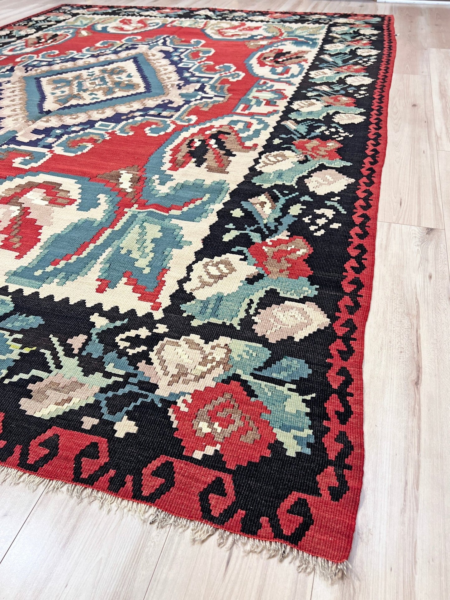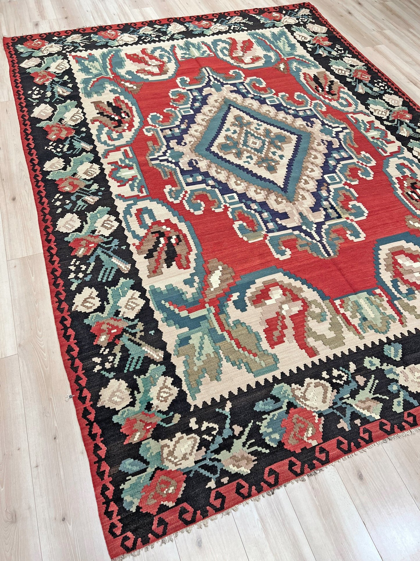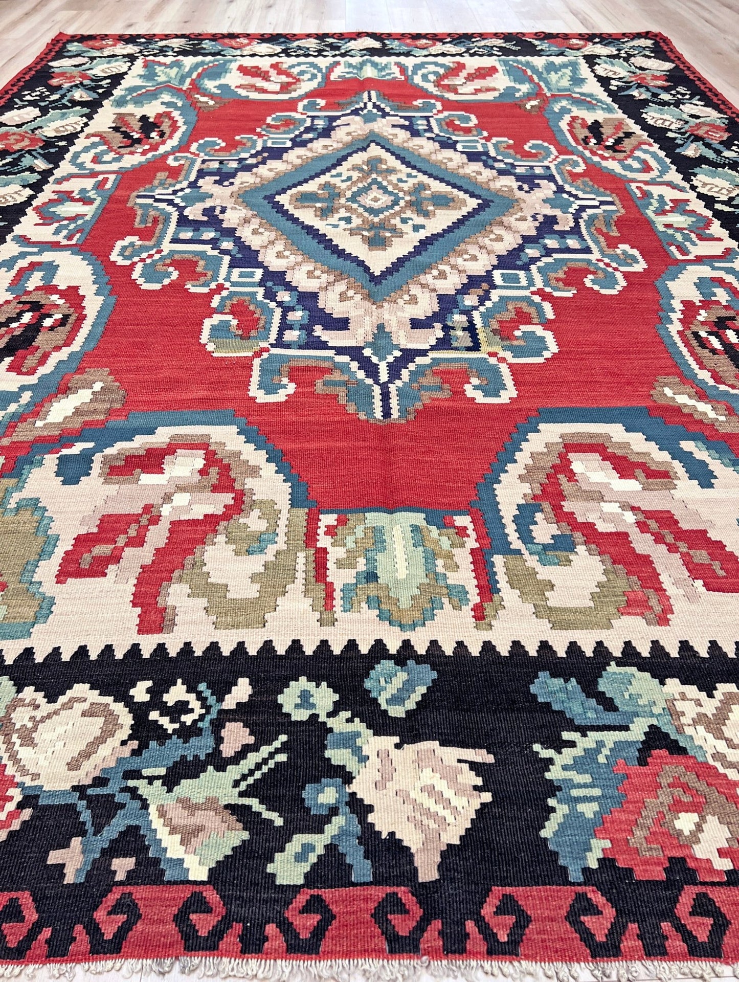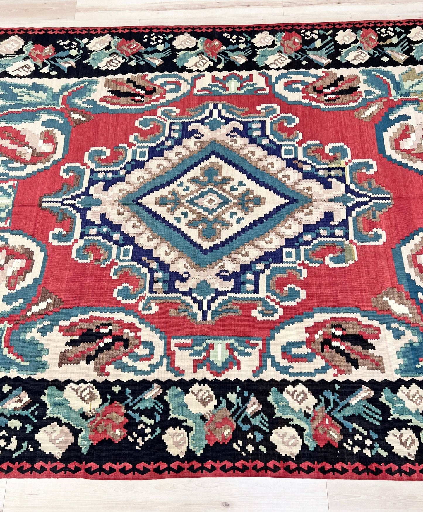 A beautiful Bessarabian rug with a big medallion in the center and row of flowers on the border, which is a classic Kilim design in the Eastern Europe. It is in mint condition.
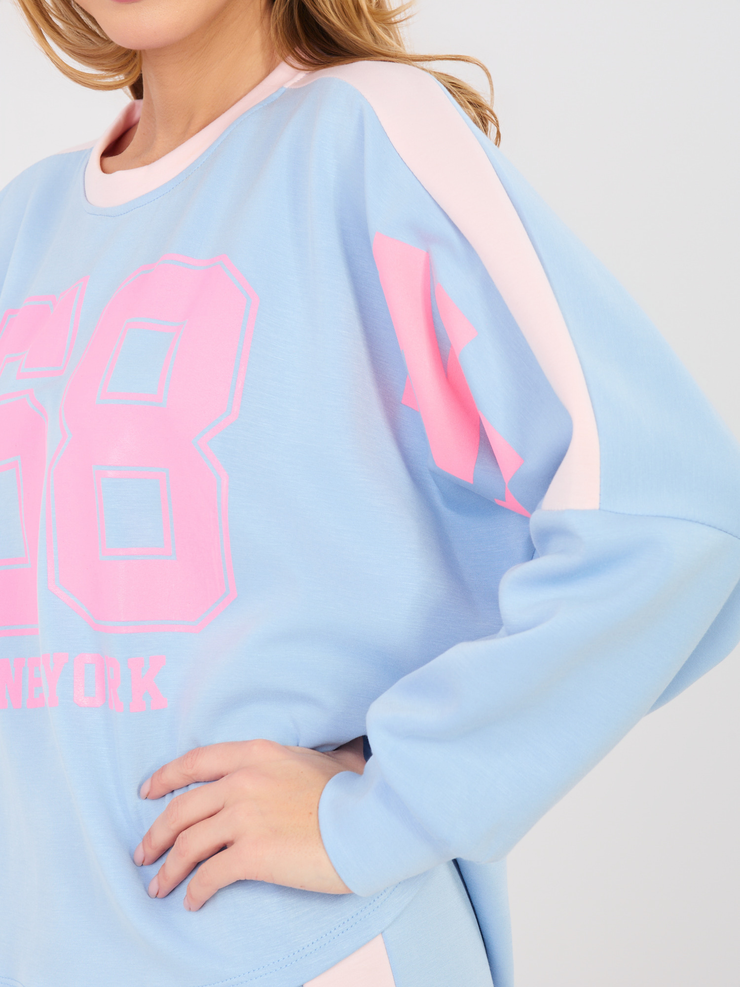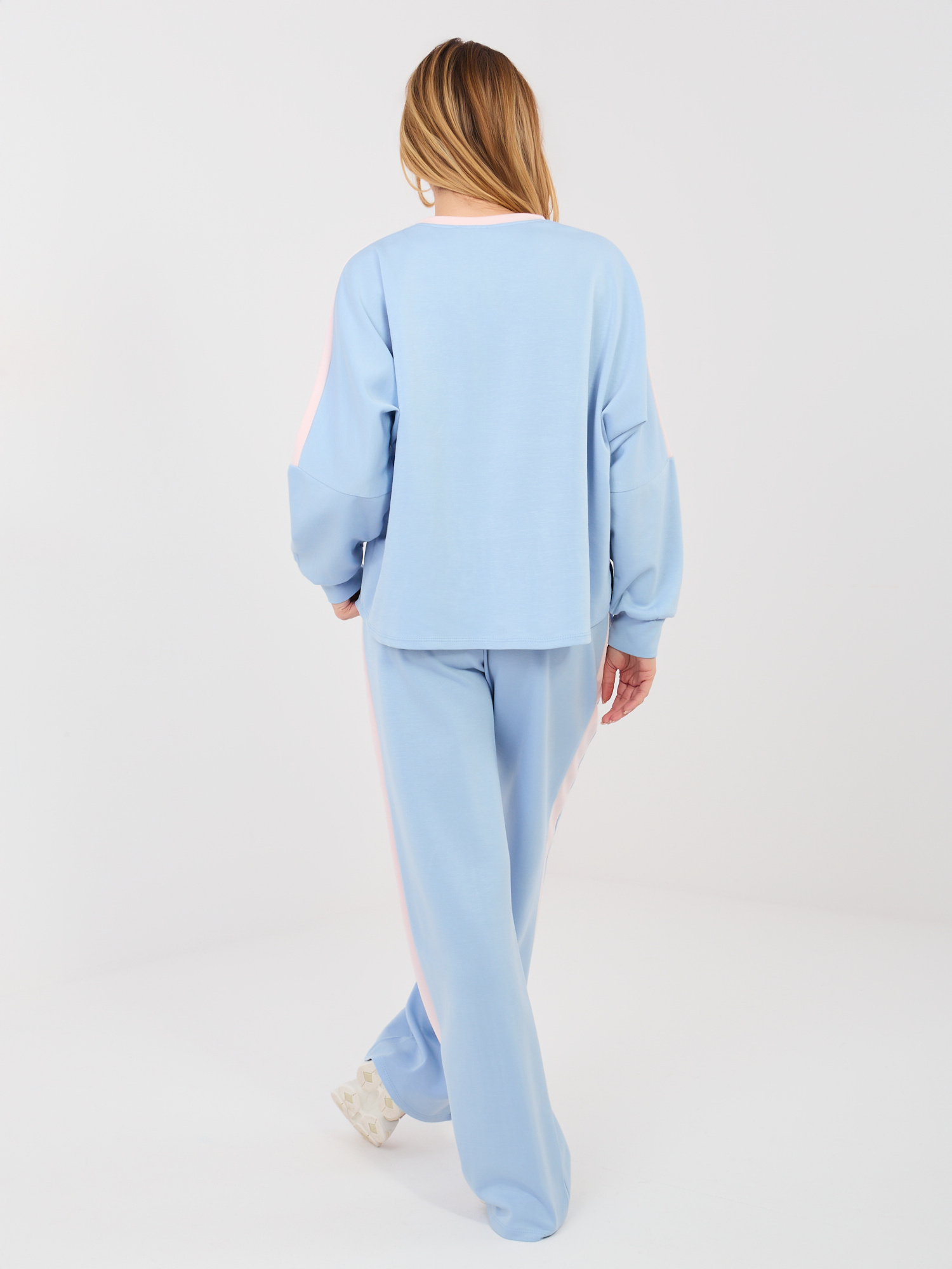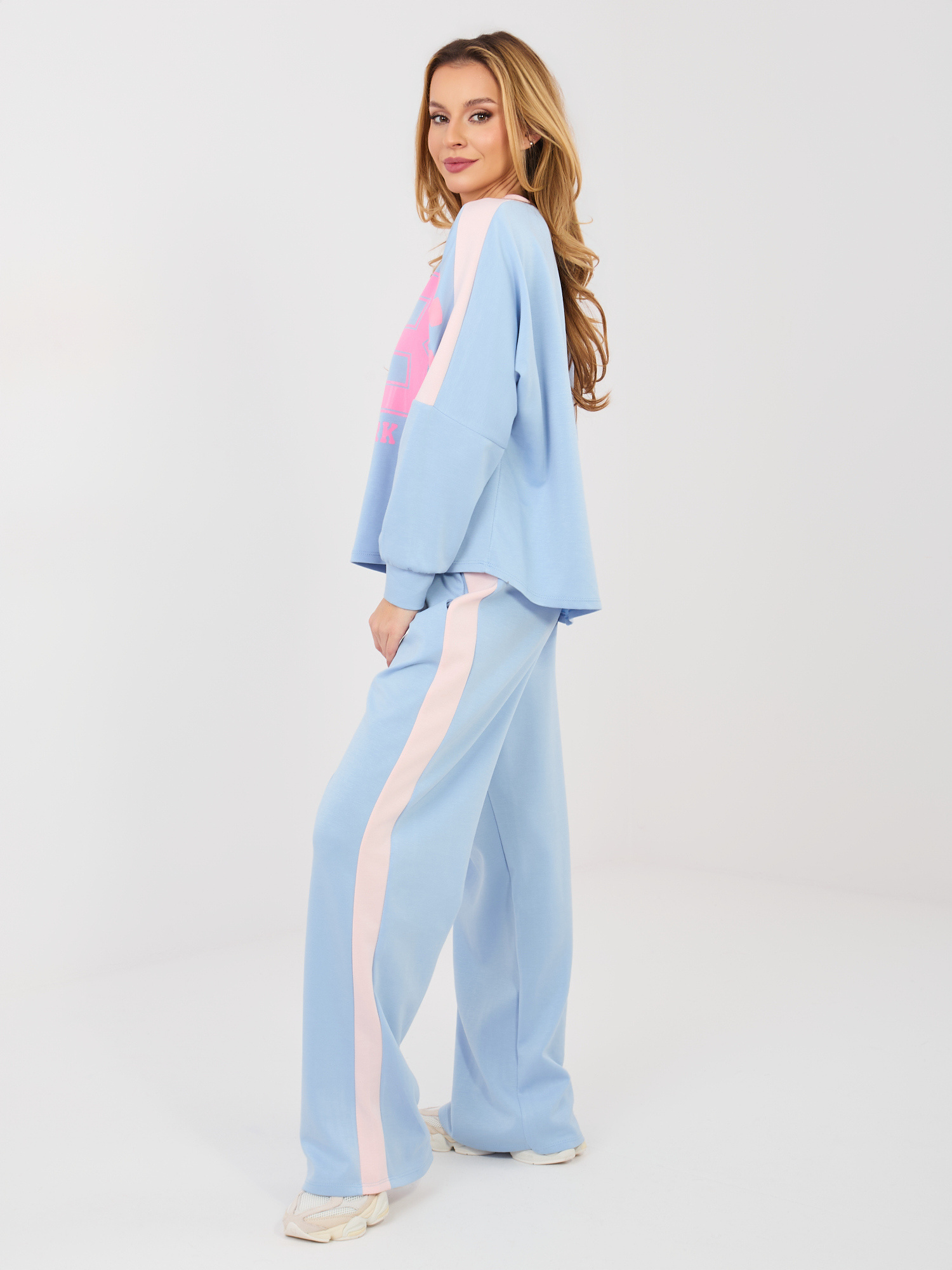 Pastelowy niebieski komplet z lampasami RUE PARIS .
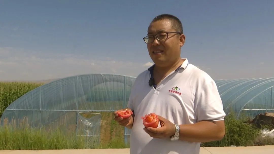 【游客 王成祥】我今天顺路过来,看到咱们这种了西红柿,棚里面的西红柿好得很,我向老板要了两个,吃了一下,果肉掰开特别好,你看,甜得很,就给娃买一箱子。
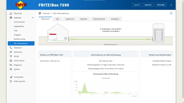 In Ihrem DSL- oder Kabel-Router erfahren Sie, mit welcher Geschwindigkeit Sie mit Ihrem Provider verbunden sind. Stimmt die dortige Angabe mit dem gebuchten Tarif überein? Am Beispiel einer Fritz!Box zeigen wir, wie Sie die Bandbreite kontrollieren. Loggen Sie sich in der Verwaltungsoberfläche des Routers ein. Eine Fritz!Box erreichen Sie im Webbrowser über die Adresse fritz.box. Aktuelle FritzOS-Versionen zeigen die Bandbreite gleich auf der Startseite der Verwaltungsoberfläche, Bild 9.

_____

> Work to be completed: Leave out the pictures, then reproduce exactly the run of lines from the one that contains "Pastelowy niebieski komplet" to the final line of the listing above.

> Exercise answer:
 Pastelowy niebieski komplet z lampasami RUE PARIS .
 【游客 王成祥】我今天顺路过来,看到咱们这种了西红柿,棚里面的西红柿好得很,我向老板要了两个,吃了一下,果肉掰开特别好,你看,甜得很,就给娃买一箱子。
 In Ihrem DSL- oder Kabel-Router erfahren Sie, mit welcher Geschwindigkeit Sie mit Ihrem Provider verbunden sind. Stimmt die dortige Angabe mit dem gebuchten Tarif überein? Am Beispiel einer Fritz!Box zeigen wir, wie Sie die Bandbreite kontrollieren. Loggen Sie sich in der Verwaltungsoberfläche des Routers ein. Eine Fritz!Box erreichen Sie im Webbrowser über die Adresse fritz.box. Aktuelle FritzOS-Versionen zeigen die Bandbreite gleich auf der Startseite der Verwaltungsoberfläche, Bild 9.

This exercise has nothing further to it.